Re: Inaccurate documentation about identifiers
От | raf |
---|---|
Тема | Re: Inaccurate documentation about identifiers |
Дата | |
Msg-id | Y3a6BMoEzbcZ0rEy@raf.org обсуждение исходный текст |
Ответ на | Re: Inaccurate documentation about identifiers (Tom Lane <tgl@sss.pgh.pa.us>) |
Ответы |
Re: Inaccurate documentation about identifiers
|
Список | pgsql-bugs |
On Thu, Nov 17, 2022 at 03:01:10PM -0500, Tom Lane <tgl@sss.pgh.pa.us> wrote: > Jeff Davis <pgsql@j-davis.com> writes: > > On Wed, 2022-11-16 at 08:36 -0500, Brennan Vincent wrote: > >> However, it seems that all non-ASCII characters are considered > >> "letters" > > > You're correct: it seems to allow any byte with the high bit set; > > including, for example, a zero-width space. > > Yes, see scan.l: > > ident_start [A-Za-z\200-\377_] > ident_cont [A-Za-z\200-\377_0-9\$] > > identifier {ident_start}{ident_cont}* > > > I don't think we want to change the documentation here, because that > > would amount to a promise that we support such identifiers forever. > > I also don't think we want to change the code, because it opens up > > several problems and I'm not sure it's worth trying to solve them. > > Right.

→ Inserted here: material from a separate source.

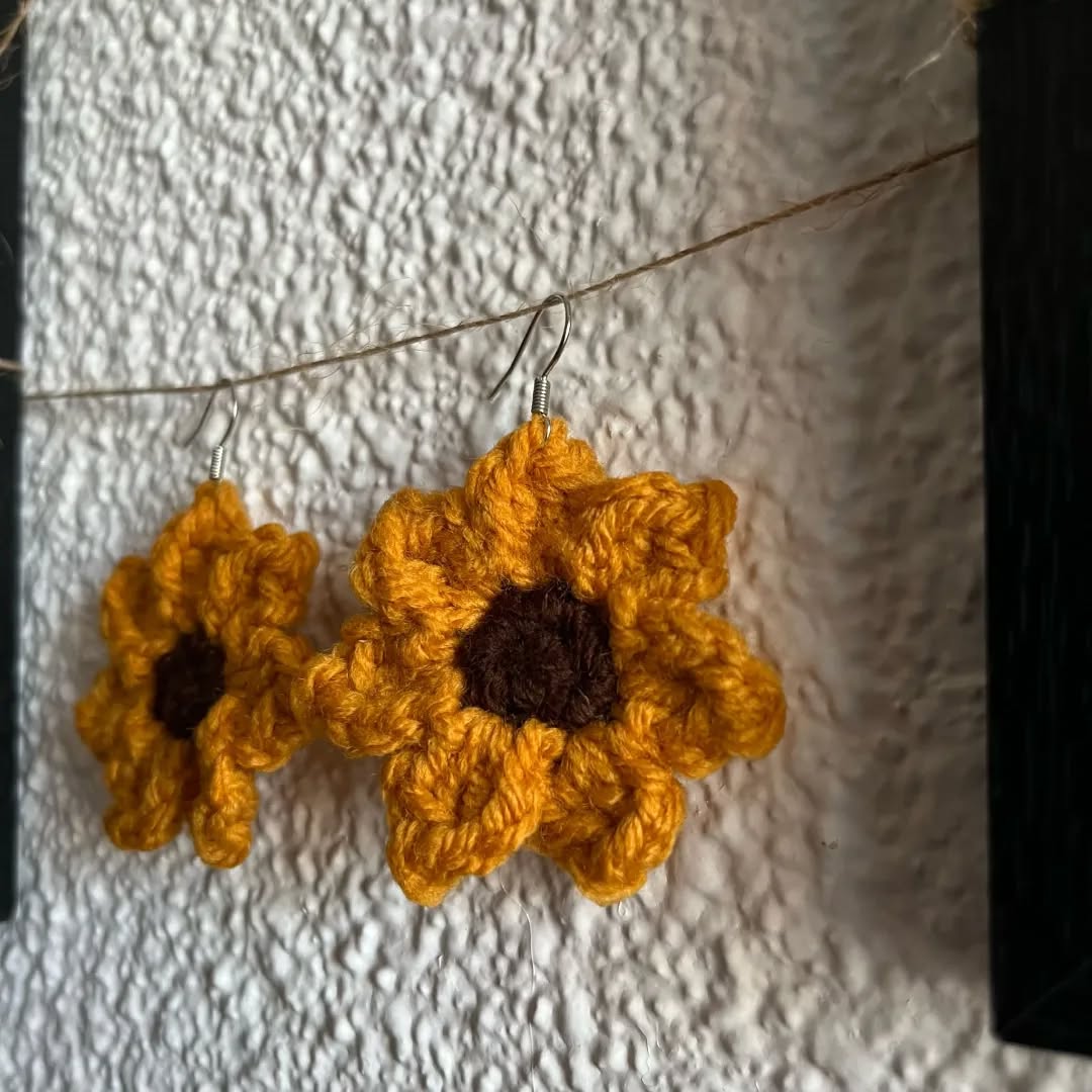 Pendientes de girasol, delicados y hechos a mano, perfectos para darle un toque alegre a cualquier look 🌻.

IIRC, the SQL spec would have us allow only things that actually > are letters per Unicode or other relevant spec, but (1) that's rather > encoding-dependent and (2) the hit to parsing speed would likely be > non-negligible. Still, we might do it someday if someone can find > a way around those concerns. (Accepting whitespace, in particular, > is Not Great.) I think benign neglect in the docs is the best path. > > regards, tom lane I think a lot of programming languages probably only use ASCII for operators and whitespace. I have a domain specific micro language that explicitly treats all 8-bit bytes as "letters" when parsing the names of things as a cheap way to "support" ASCII-compatible encodings like UTF-8 and ISO-8859-* (but it's useless for UTF-16, GB 18030, Big5, ...). The only way to do it right would be to decode everything. But then you'd probably lose the ability to include emojis in identifiers. I wonder if anyone's doing that in postgresql. :-) Does the SQL spec require accepting *only* real letters as letters, or does it require accepting *at least* real letters as letters. :-) Just a bit of wishful thinking. cheers, raf
В списке pgsql-bugs по дате отправления: